(Collection entries)
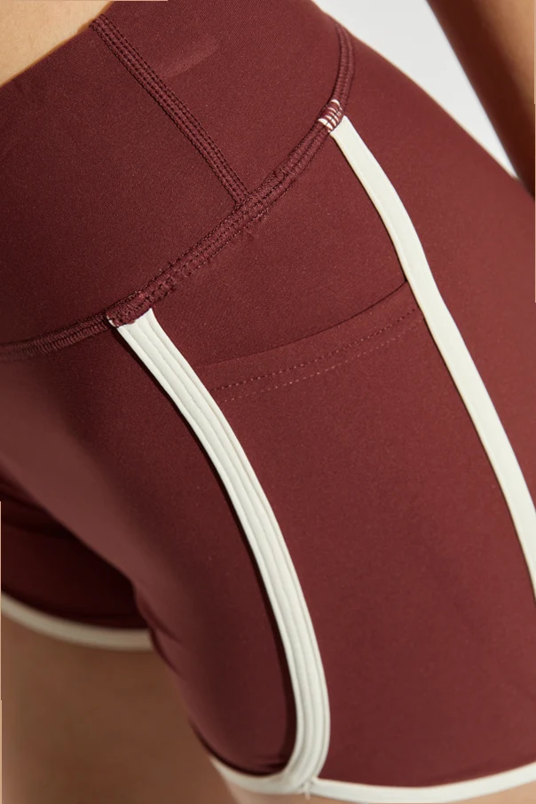 Szorty Samara to kwintesencja nowoczesnej elegancji, stworzona z myślą o kobietach ceniących wyrafinowany styl w sportowym wydaniu. Wyróżnia je wysoki stan , który pięknie podkreśla linię talii oraz dynamiczny, kobiecy krój z zaokrąglonymi nogawkami. Gładki, jednolity materiał w odcieniu bordo harmonijnie współgra z kontrastowymi kremowymi lamówkami, akcentując unikatowy, retro-wyraz sportowej sylwetki.
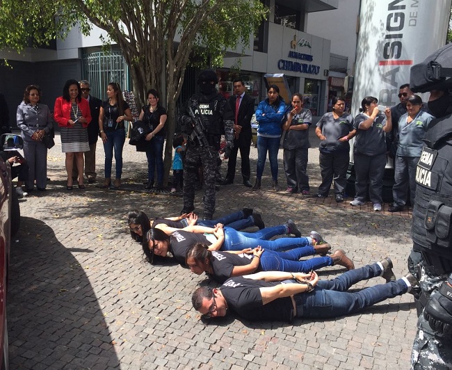 Personal de la Fiscalía de Pichincha informa sobre la gratuidad de los servicios.
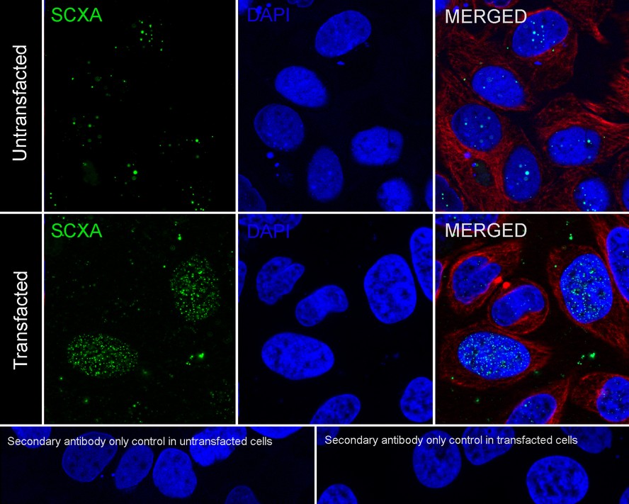 Immunocytochemistry analysis of HeLa transfected with or without SCXA cells labeling SCXA with Rabbit anti-SCXA antibody (HA721805) at 1/100 dilution.
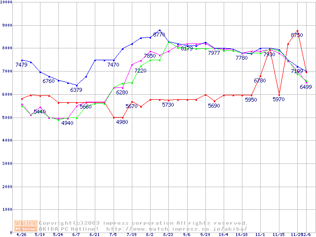 メモリ主要製品の最安値推移
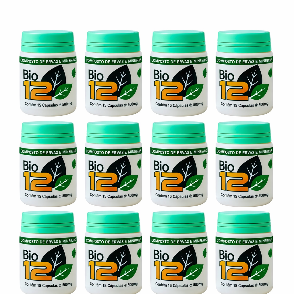Este kit com 12 frascos do Bio 12 suplemento natural oferece excelente custo-benefício para quem deseja uso contínuo.
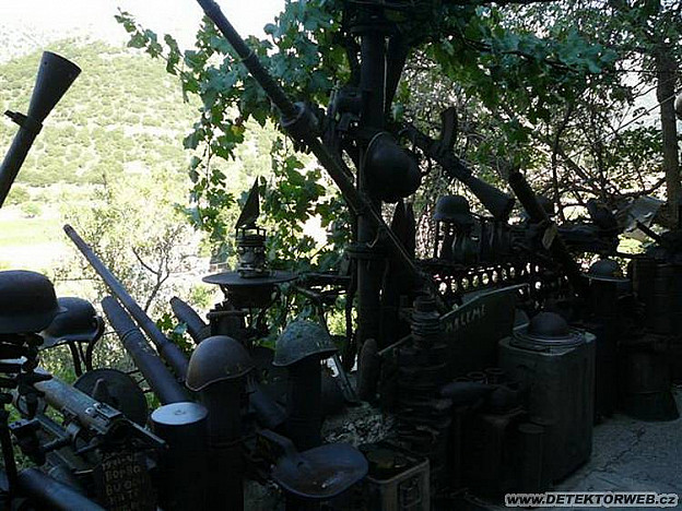Na silnici z Rethimna do Fragokostelo mě upoutala ručně psaná cedule WW2 military museum. Měl jsem dost času, tak jsem odbočil z silnice na prašnou polnačku, která mě vedla skrz polo opuštěnou vesnici. Po cca 1km na mě zpoza zatáčky vykouknul bofors. Na boforsu byla dosti neuměle přivařená zrezlá cedule WW2 museum. Poté co jsem vešel polozbořenými vraty na dvorek jsem málem dostal infarkt. Ke stromu zde byla řetězem připoutaná side k BMW R12, muniční vozík za saharu, protiponorková mina s spousta dalšího materiálu. Myslím že fotky jsou vypovídající dostatečně. NA dvorku přímo u domečku množství válečného materiálu obou válečných stran narůstalo geometrickou řadou. Např: německá protitanková puška, výsadkový kontejner na zbraně i s kompletním obsahem! Norton 16H, části JU 87, protilodní miny, 37mm flak, nějaký horský kanon apod. V malé místnůstce vesnického stavení nás čekal zlatý hřeb. Výsadkové helmy v původní barvě, výsadkové odznaky, nášivky,...
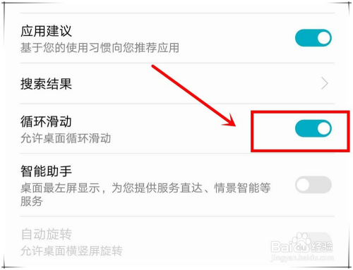 在打开的“设置”页面,查看“轮回滑动”选项后的开关是否开启,若是已经开启,将之封闭。
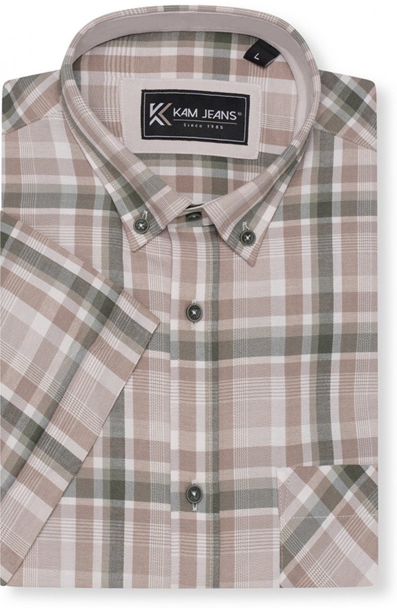 Przewodnik po rozmiarach - Kam Jeans 6339 Checked Short Sleeve Shirt Beige
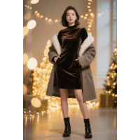 For petite women, outfits with shorter lengths and fitted silhouettes work especially well. Mini dresses in soft fabrics like velvet create a cozy yet polished winter look without overwhelming a smaller frame. Additionally, clean cuts and minimal layering help maintain balance, while ankle boots or heels subtly add height. Keeping the outfit simple yet stylish ensures an elegant appearance that feels effortless and festive.
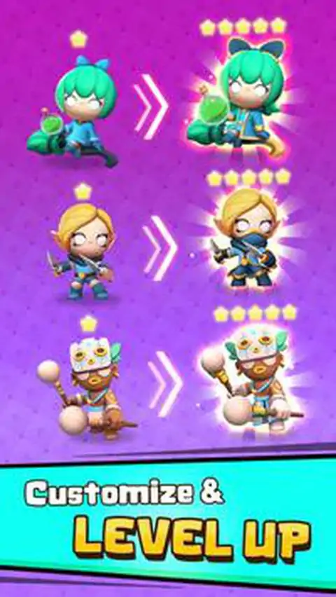 通过掌上最史诗、最刺激、最冒险的自动战斗游戏来证明你卓越的智力。 创造你独特的选秀、位置并升级心爱的迷你冠军,以登上世界之巅。即使在绝望的时刻,也可以利用回收和重新滚动单位的能力作为出其不意的元素来扭转局势。 易于学习,难以掌握 - 只需轻轻一按即可部署您的大脑策略。 - 为战斗中可能发生的数百种不同场景做好准备。 快速而戏剧性的战斗: - 锁定阵型后,小型战斗会自动开始。 - 坐下来,放松一下,观看你的冠军展示他们炫酷的动作。 - 多样化的环境和对手可供对抗。 可定制阵型: - 使用给定的单位构建您的阵型或重新滚动以期获得更好的获胜机会。 - 合并以增强您选择的单位以适应您的计划。 - 在棋盘上自由移动你的单位 史诗般的可爱角色: - 20 多个具有独特技能的角色可供选择。 - 每个角色的独特设计和效果。 - 升级你的英雄以解锁新的天赋。 立即下载并畅玩《Auto Clash》,准备好享受一生中最美好的时光
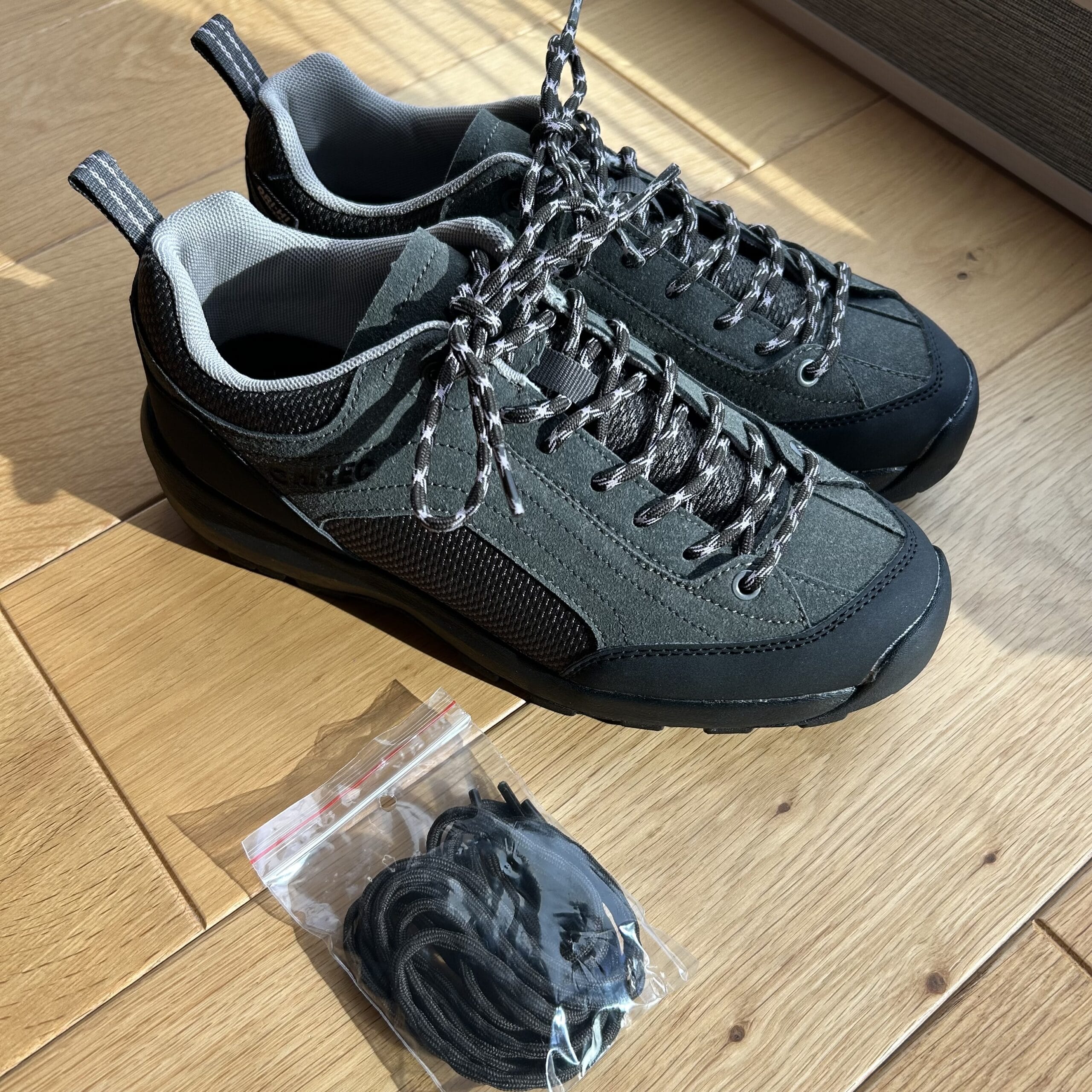 高機能ながら、ほどよいボリューム感なので普段の格好に馴染みます。現在、LEEマルシェで取扱のカラーはチャコール、ベージュ×ブルー、ブラックの3色です。配色も「ザ・山歩き」なアウトドア感ではなくて良いです。シューレース(紐)は、写真でつけている柄タイプのほかに、シンプルな単色タイプもついてきますので、好みに合わせて選べます。ブラックの方の柄紐は、暗いところでちょっと光る感じが。(錯覚?)モードな感じでかっこいいです。

*ABOUT THIS TASK*:
Set down all records verbatim, omitting images.

*TASK OUTPUT*:
 Szorty Samara to kwintesencja nowoczesnej elegancji, stworzona z myślą o kobietach ceniących wyrafinowany styl w sportowym wydaniu. Wyróżnia je wysoki stan , który pięknie podkreśla linię talii oraz dynamiczny, kobiecy krój z zaokrąglonymi nogawkami. Gładki, jednolity materiał w odcieniu bordo harmonijnie współgra z kontrastowymi kremowymi lamówkami, akcentując unikatowy, retro-wyraz sportowej sylwetki.
 Personal de la Fiscalía de Pichincha informa sobre la gratuidad de los servicios.
 Immunocytochemistry analysis of HeLa transfected with or without SCXA cells labeling SCXA with Rabbit anti-SCXA antibody (HA721805) at 1/100 dilution.
 メモリ主要製品の最安値推移
Este kit com 12 frascos do Bio 12 suplemento natural oferece excelente custo-benefício para quem deseja uso contínuo.
Na silnici z Rethimna do Fragokostelo mě upoutala ručně psaná cedule WW2 military museum. Měl jsem dost času, tak jsem odbočil z silnice na prašnou polnačku, která mě vedla skrz polo opuštěnou vesnici. Po cca 1km na mě zpoza zatáčky vykouknul bofors. Na boforsu byla dosti neuměle přivařená zrezlá cedule WW2 museum. Poté co jsem vešel polozbořenými vraty na dvorek jsem málem dostal infarkt. Ke stromu zde byla řetězem připoutaná side k BMW R12, muniční vozík za saharu, protiponorková mina s spousta dalšího materiálu. Myslím že fotky jsou vypovídající dostatečně. NA dvorku přímo u domečku množství válečného materiálu obou válečných stran narůstalo geometrickou řadou. Např: německá protitanková puška, výsadkový kontejner na zbraně i s kompletním obsahem! Norton 16H, části JU 87, protilodní miny, 37mm flak, nějaký horský kanon apod. V malé místnůstce vesnického stavení nás čekal zlatý hřeb. Výsadkové helmy v původní barvě, výsadkové odznaky, nášivky,...
 在打开的“设置”页面,查看“轮回滑动”选项后的开关是否开启,若是已经开启,将之封闭。
 Przewodnik po rozmiarach - Kam Jeans 6339 Checked Short Sleeve Shirt Beige
 For petite women, outfits with shorter lengths and fitted silhouettes work especially well. Mini dresses in soft fabrics like velvet create a cozy yet polished winter look without overwhelming a smaller frame. Additionally, clean cuts and minimal layering help maintain balance, while ankle boots or heels subtly add height. Keeping the outfit simple yet stylish ensures an elegant appearance that feels effortless and festive.
 通过掌上最史诗、最刺激、最冒险的自动战斗游戏来证明你卓越的智力。 创造你独特的选秀、位置并升级心爱的迷你冠军,以登上世界之巅。即使在绝望的时刻,也可以利用回收和重新滚动单位的能力作为出其不意的元素来扭转局势。 易于学习,难以掌握 - 只需轻轻一按即可部署您的大脑策略。 - 为战斗中可能发生的数百种不同场景做好准备。 快速而戏剧性的战斗: - 锁定阵型后,小型战斗会自动开始。 - 坐下来,放松一下,观看你的冠军展示他们炫酷的动作。 - 多样化的环境和对手可供对抗。 可定制阵型: - 使用给定的单位构建您的阵型或重新滚动以期获得更好的获胜机会。 - 合并以增强您选择的单位以适应您的计划。 - 在棋盘上自由移动你的单位 史诗般的可爱角色: - 20 多个具有独特技能的角色可供选择。 - 每个角色的独特设计和效果。 - 升级你的英雄以解锁新的天赋。 立即下载并畅玩《Auto Clash》,准备好享受一生中最美好的时光
 高機能ながら、ほどよいボリューム感なので普段の格好に馴染みます。現在、LEEマルシェで取扱のカラーはチャコール、ベージュ×ブルー、ブラックの3色です。配色も「ザ・山歩き」なアウトドア感ではなくて良いです。シューレース(紐)は、写真でつけている柄タイプのほかに、シンプルな単色タイプもついてきますので、好みに合わせて選べます。ブラックの方の柄紐は、暗いところでちょっと光る感じが。(錯覚?)モードな感じでかっこいいです。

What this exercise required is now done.